Nothing but the records themselves, exactly as written and free of pictures, should appear in your response.

** Opening Data for this task block **

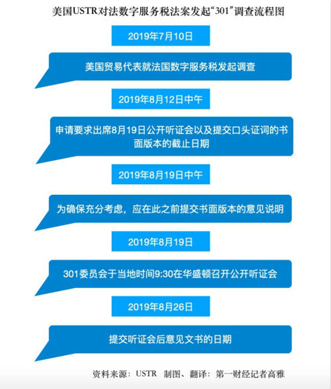 USTR在對法“301調(diào)查”后,認定法國數(shù)字服務(wù)稅歧視美國企業(yè),擬向63項總價值為24億美元的法國輸美產(chǎn)品加征最高100%的關(guān)稅,USTR此前還特地在聲明中指出,在聽證會后,希望“迅速進行征稅等活動”。
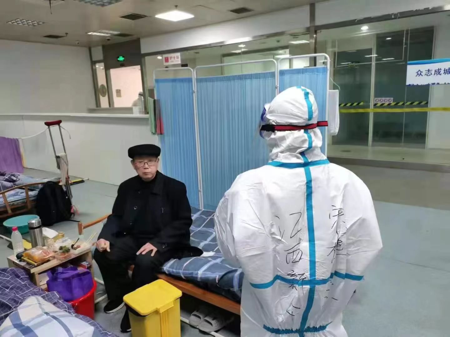 “老吾老以及人之老”,期间有一起很特殊的情况,常先生一家人全都感染收治在本方舱,他的老父亲已经92岁,全家人非常恐慌。得知情形,我觉得有必要对他们尤其是92岁的老人额外照顾一些。做好了安抚工作,常先生一家的担忧也转变成了信心,最终其全家都顺利健康出舱。
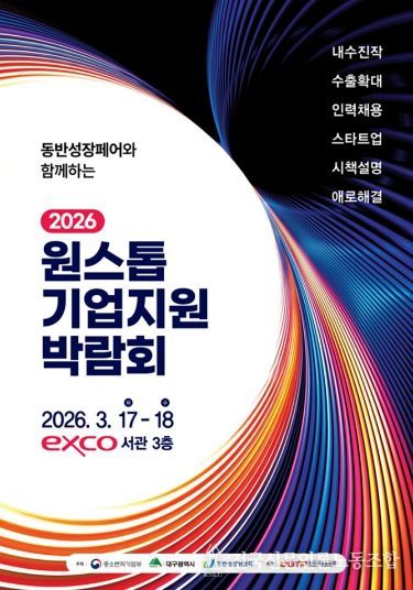 전국신문언론노동조합 강찬희 기자 | 대구광역시는 지역기업의 지속 가능한 성장을 지원하기 위해 오는 3월 17일부터 18일까지 EXCO 서관 3층에서 열리는 ‘동반성장페어와 함께하는 2026 원스톱 기업지원박람회’ 참가기업을 모집한다.
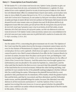 Of course, there’s a problem that I don’t know if what Claude reported back is actually accurate. AI hallucinates, and AI tools are trained to seem super helpful and confident, even if the basis for offered conclusions are weak or nonexistent.  If you need to actually rely on what AI tells you about a Law French passage, you need to come up with ways of making reasonably sure what it’s telling you is right.  At the very least you could push back, asking the tool if it sure and if there are other translations and explanations.  You could refresh Claude and try again, or try a different AI tool. If the stakes are really high, you could try to find a legal history expert on the topic who might be able to tell you if this is right. But as a first cut, just to get a basic idea of what is going on in the passage, it seems pretty useful.
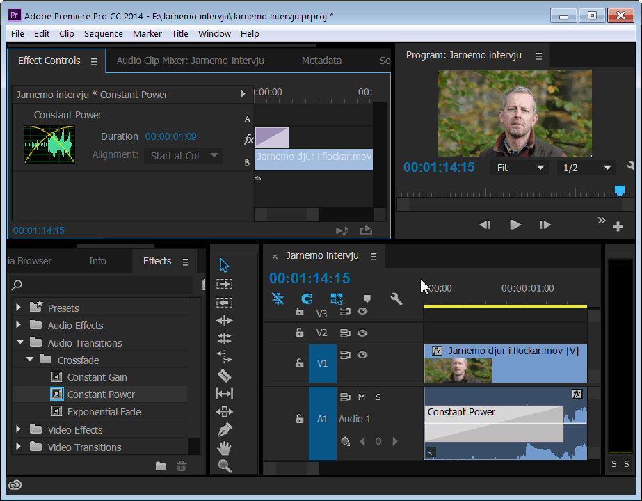Tona in och ur ljud i början och slutet hos klippMan tonar ofta in ljudet i början av ett klipp och använder motsvarande urtoning i slutet av klippet. Den enklaste metoden för att skapa en toning är att först markera klippunkten så att den lyser upp med röd färg. Ta därefter fram fönstret Effects via kommandot Window-Effects. Fönstret ersätter då fönstret Project nere till vänster. Vik upp kategorin Audio Transitions följt av Crossfade så att du välja mellan tre olika typer av ljudtoningar. Den vanligaste toningen är Constant power. För att applicera den på din markerade klippunkt drar du symbolen för Constant Power till klippunkten. Resultatet presenteras som en ljusbrun kvadrat med en symbol för toning. För att du skall kunna se symbolen måste du oftast zooma in tidslinjen kring klippunkten. När du markerar toningen ändras färgen till grått. Toningen får automatiskt en varaktighet på 1 sek. Om du vill ändra detta kan du ta fram fönstret Effect Controls som presenteras uppe till vänster istället för fönstret Source. Om du klickar på symbolen för toningen så presenteras dess egenskaper uppe i fönstret Effect Controls. För att ändra tiden Duration kan du antingen redigera värdet eller klicka på det och dra i sidled.
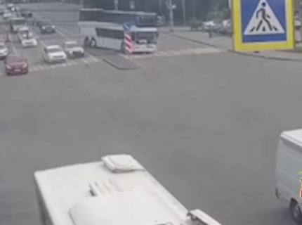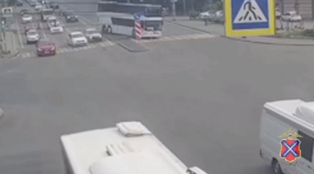 На видео попал момент ДТП с двухэтажным автобусом в центре Волгограда
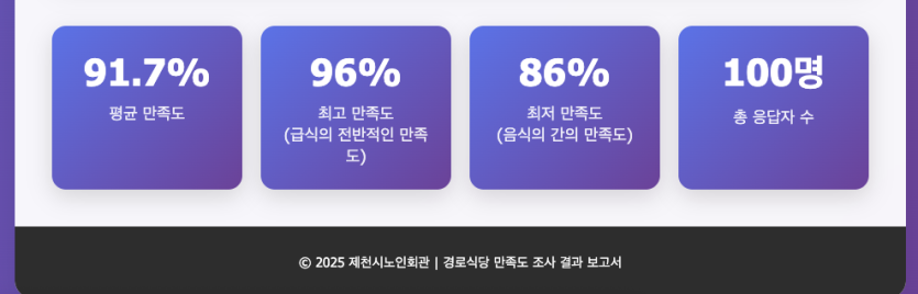 2025년 경로식당 만족도 조사 결과를 아래와 같이 게시합니다.
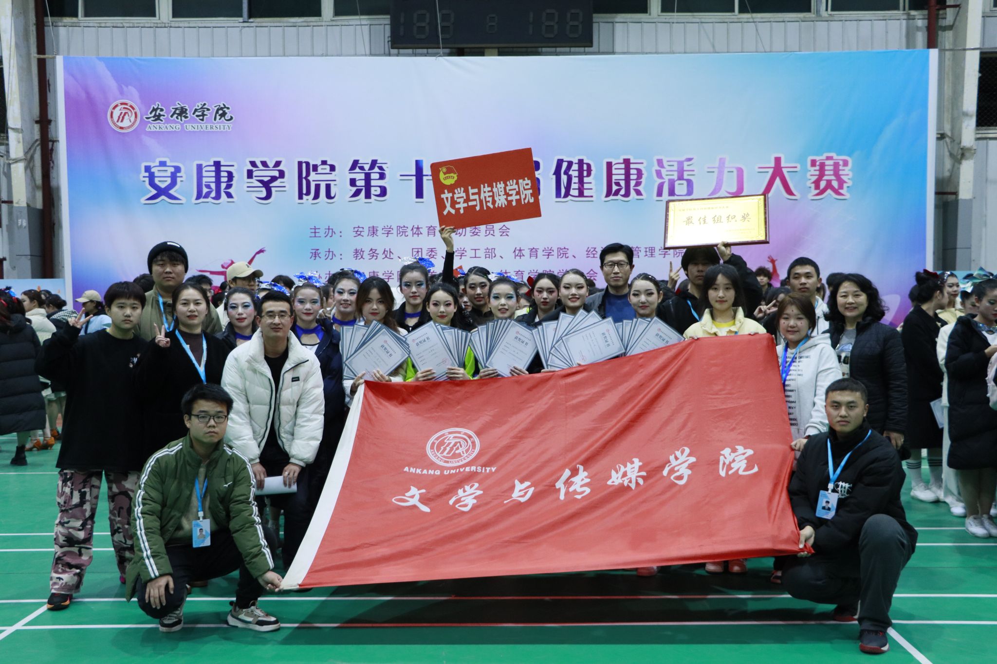 2023年12月8日下午,pp电子网站体育运动委员会主办的第十四届健康活力大赛决赛在江南校区体育馆圆满落幕。pp电子网站代表队在本次大赛中荣获最佳组织奖,团体项目斩获多项荣誉:体育舞蹈伦巴一等奖、校园青春健身操一等奖、体育舞蹈恰恰一等奖、花球啦啦操二等奖、健身排舞二等奖。
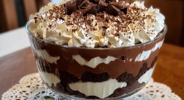 This Chocolate Cheesecake Trifle delivers everything people love about rich, layered desserts — deep chocolate flavor, creamy cheesecake filling, soft cake layers, and a luxurious texture in every spoonful. Traditionally, some versions include a cream liqueur for flavor, but this recipe recreates that signature smooth, chocolate-vanilla taste using completely alcohol-free ingredients, making it suitable for all ages while still feeling elegant and special.
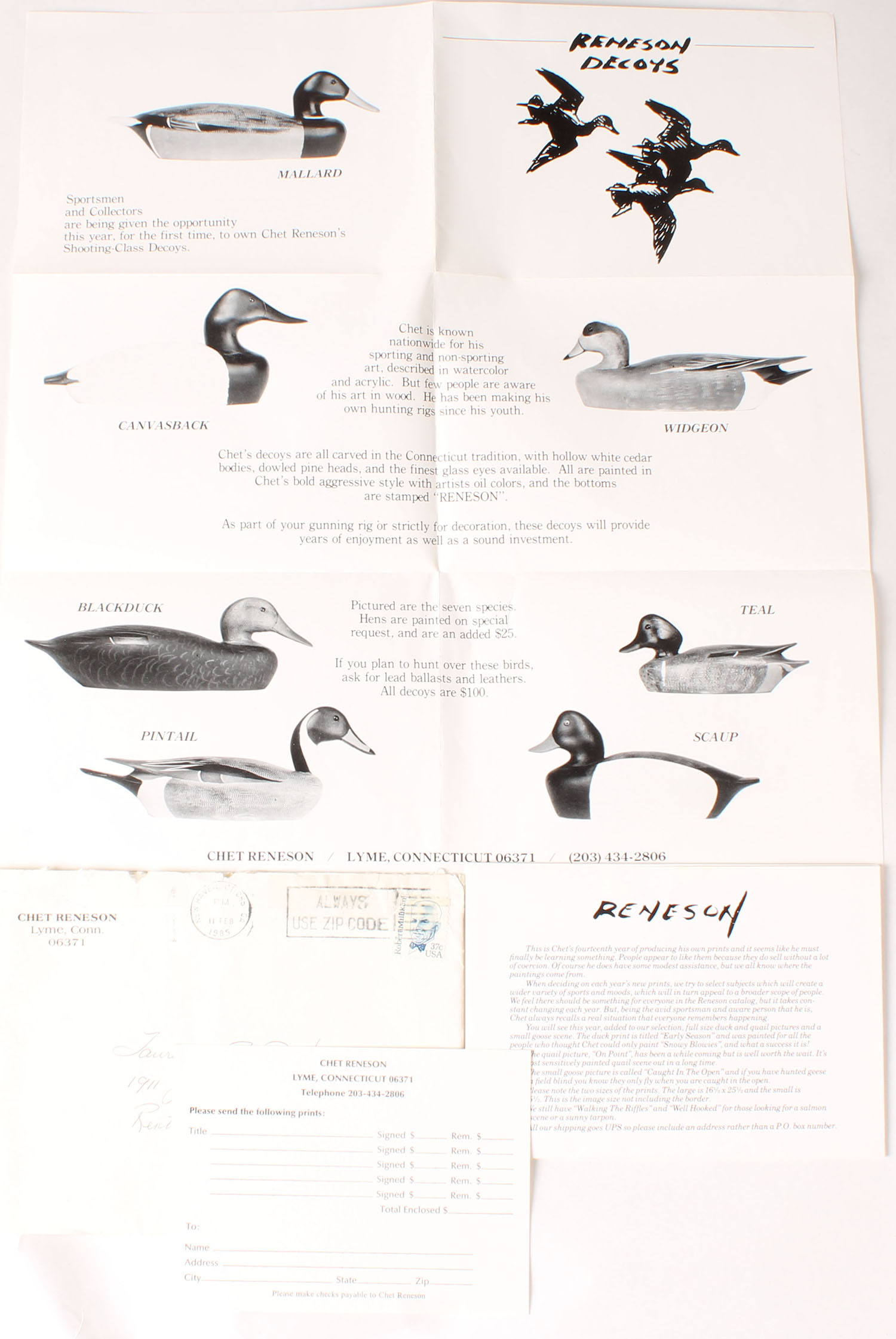 Reneson Hand Carved wood decoy sales brochure with envelope. Grade: Excellent - Value: 2 to 30
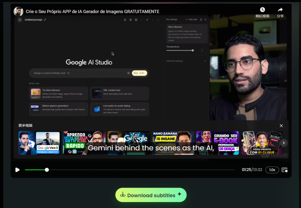 4. Subtitles and Downloads: Translated subtitles are instantly available and can be downloaded as SRT files, making them easy to repurpose for analysis, archiving, or sharing within teams.
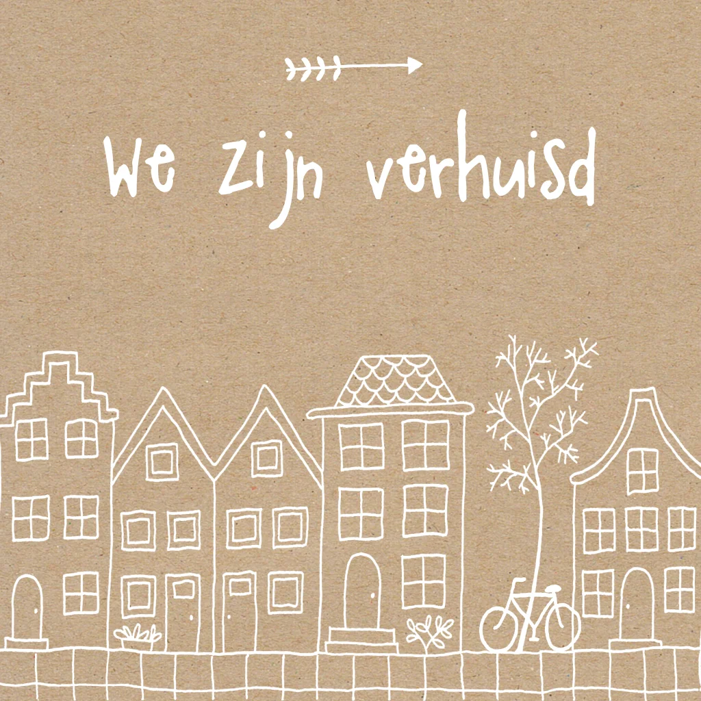 Ben je op zoek naar een verhuiskaart? Wat een leuke kaart met witte huisjes en fiets op een kraft achtergrond. Het nieuwe adres kan makkelijk in de editor aangepast worden.
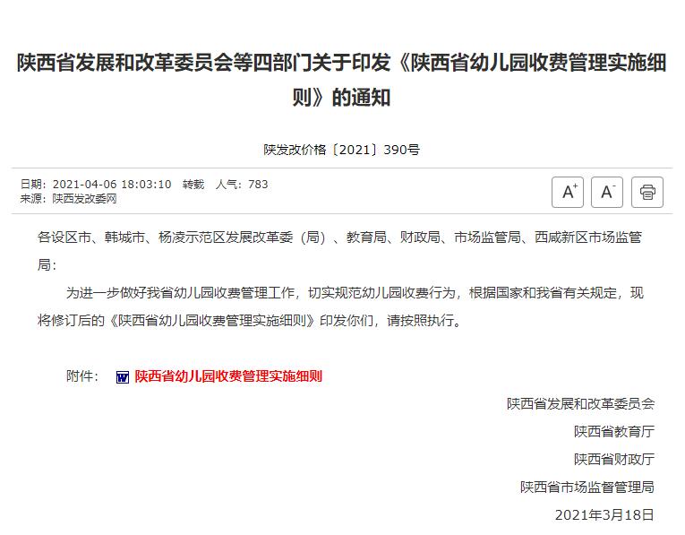 为进一步做好幼儿园收费管理工作,规范幼儿园收费行为,由陕西省发展和改革委员会、陕西省教育厅、陕西省财政厅、陕西省市场监督管理局等四部门修订后的《陕西省幼儿园收费管理实施细则》近日发布,将于4月起施行。
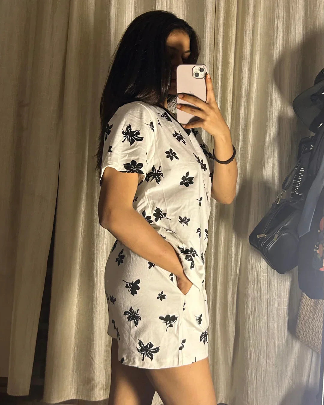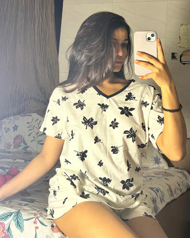 Bonus Hint: It's not just any tee; it's the perfect printed cotton night suit for women. But shh, that's our little secret. 😉
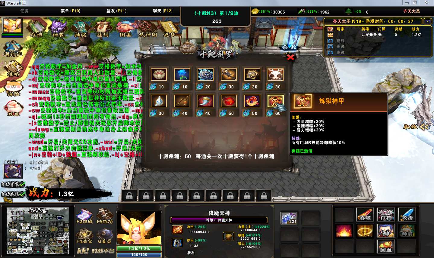地图名字:齐天大圣1.0.118地图下载+全商城特权+全存档+隐藏英雄+无CD+指令功能
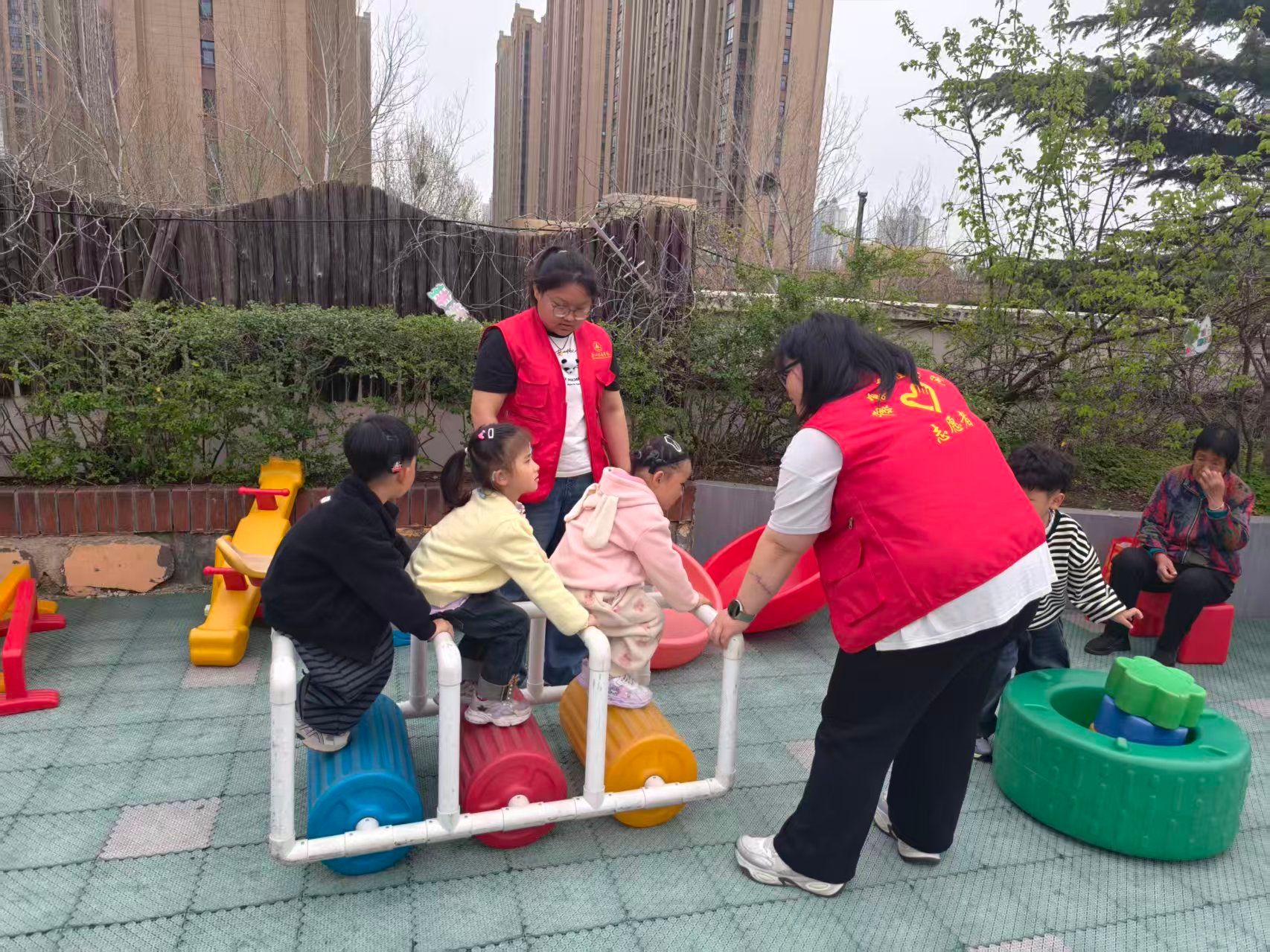 了解园区情况后,志愿者们迅速进入服务状态,化身“暖心伙伴”,陪伴园区的听障儿童开展趣味游戏活动,通过积木搭建、互动小游戏等形式,拉近与孩子们的距离,鼓励孩子们大胆表达、主动交流,在欢声笑语中帮助孩子们锻炼语言表达能力和社交能力,让孩子们感受到来自外界的关爱与温暖。

** Closing Data for this task block **

◆ Response area
 USTR在對法“301調(diào)查”后,認定法國數(shù)字服務(wù)稅歧視美國企業(yè),擬向63項總價值為24億美元的法國輸美產(chǎn)品加征最高100%的關(guān)稅,USTR此前還特地在聲明中指出,在聽證會后,希望“迅速進行征稅等活動”。
 “老吾老以及人之老”,期间有一起很特殊的情况,常先生一家人全都感染收治在本方舱,他的老父亲已经92岁,全家人非常恐慌。得知情形,我觉得有必要对他们尤其是92岁的老人额外照顾一些。做好了安抚工作,常先生一家的担忧也转变成了信心,最终其全家都顺利健康出舱。
 전국신문언론노동조합 강찬희 기자 | 대구광역시는 지역기업의 지속 가능한 성장을 지원하기 위해 오는 3월 17일부터 18일까지 EXCO 서관 3층에서 열리는 ‘동반성장페어와 함께하는 2026 원스톱 기업지원박람회’ 참가기업을 모집한다.
 Of course, there’s a problem that I don’t know if what Claude reported back is actually accurate. AI hallucinates, and AI tools are trained to seem super helpful and confident, even if the basis for offered conclusions are weak or nonexistent.  If you need to actually rely on what AI tells you about a Law French passage, you need to come up with ways of making reasonably sure what it’s telling you is right.  At the very least you could push back, asking the tool if it sure and if there are other translations and explanations.  You could refresh Claude and try again, or try a different AI tool. If the stakes are really high, you could try to find a legal history expert on the topic who might be able to tell you if this is right. But as a first cut, just to get a basic idea of what is going on in the passage, it seems pretty useful.
Tona in och ur ljud i början och slutet hos klippMan tonar ofta in ljudet i början av ett klipp och använder motsvarande urtoning i slutet av klippet. Den enklaste metoden för att skapa en toning är att först markera klippunkten så att den lyser upp med röd färg. Ta därefter fram fönstret Effects via kommandot Window-Effects. Fönstret ersätter då fönstret Project nere till vänster. Vik upp kategorin Audio Transitions följt av Crossfade så att du välja mellan tre olika typer av ljudtoningar. Den vanligaste toningen är Constant power. För att applicera den på din markerade klippunkt drar du symbolen för Constant Power till klippunkten. Resultatet presenteras som en ljusbrun kvadrat med en symbol för toning. För att du skall kunna se symbolen måste du oftast zooma in tidslinjen kring klippunkten. När du markerar toningen ändras färgen till grått. Toningen får automatiskt en varaktighet på 1 sek. Om du vill ändra detta kan du ta fram fönstret Effect Controls som presenteras uppe till vänster istället för fönstret Source. Om du klickar på symbolen för toningen så presenteras dess egenskaper uppe i fönstret Effect Controls. För att ändra tiden Duration kan du antingen redigera värdet eller klicka på det och dra i sidled.
 На видео попал момент ДТП с двухэтажным автобусом в центре Волгограда
 2025년 경로식당 만족도 조사 결과를 아래와 같이 게시합니다.
 2023年12月8日下午,pp电子网站体育运动委员会主办的第十四届健康活力大赛决赛在江南校区体育馆圆满落幕。pp电子网站代表队在本次大赛中荣获最佳组织奖,团体项目斩获多项荣誉:体育舞蹈伦巴一等奖、校园青春健身操一等奖、体育舞蹈恰恰一等奖、花球啦啦操二等奖、健身排舞二等奖。
 This Chocolate Cheesecake Trifle delivers everything people love about rich, layered desserts — deep chocolate flavor, creamy cheesecake filling, soft cake layers, and a luxurious texture in every spoonful. Traditionally, some versions include a cream liqueur for flavor, but this recipe recreates that signature smooth, chocolate-vanilla taste using completely alcohol-free ingredients, making it suitable for all ages while still feeling elegant and special.
 Reneson Hand Carved wood decoy sales brochure with envelope. Grade: Excellent - Value: 2 to 30
 4. Subtitles and Downloads: Translated subtitles are instantly available and can be downloaded as SRT files, making them easy to repurpose for analysis, archiving, or sharing within teams.
 Ben je op zoek naar een verhuiskaart? Wat een leuke kaart met witte huisjes en fiets op een kraft achtergrond. Het nieuwe adres kan makkelijk in de editor aangepast worden.
 为进一步做好幼儿园收费管理工作,规范幼儿园收费行为,由陕西省发展和改革委员会、陕西省教育厅、陕西省财政厅、陕西省市场监督管理局等四部门修订后的《陕西省幼儿园收费管理实施细则》近日发布,将于4月起施行。
 Bonus Hint: It's not just any tee; it's the perfect printed cotton night suit for women. But shh, that's our little secret. 😉
地图名字:齐天大圣1.0.118地图下载+全商城特权+全存档+隐藏英雄+无CD+指令功能
 了解园区情况后,志愿者们迅速进入服务状态,化身“暖心伙伴”,陪伴园区的听障儿童开展趣味游戏活动,通过积木搭建、互动小游戏等形式,拉近与孩子们的距离,鼓励孩子们大胆表达、主动交流,在欢声笑语中帮助孩子们锻炼语言表达能力和社交能力,让孩子们感受到来自外界的关爱与温暖。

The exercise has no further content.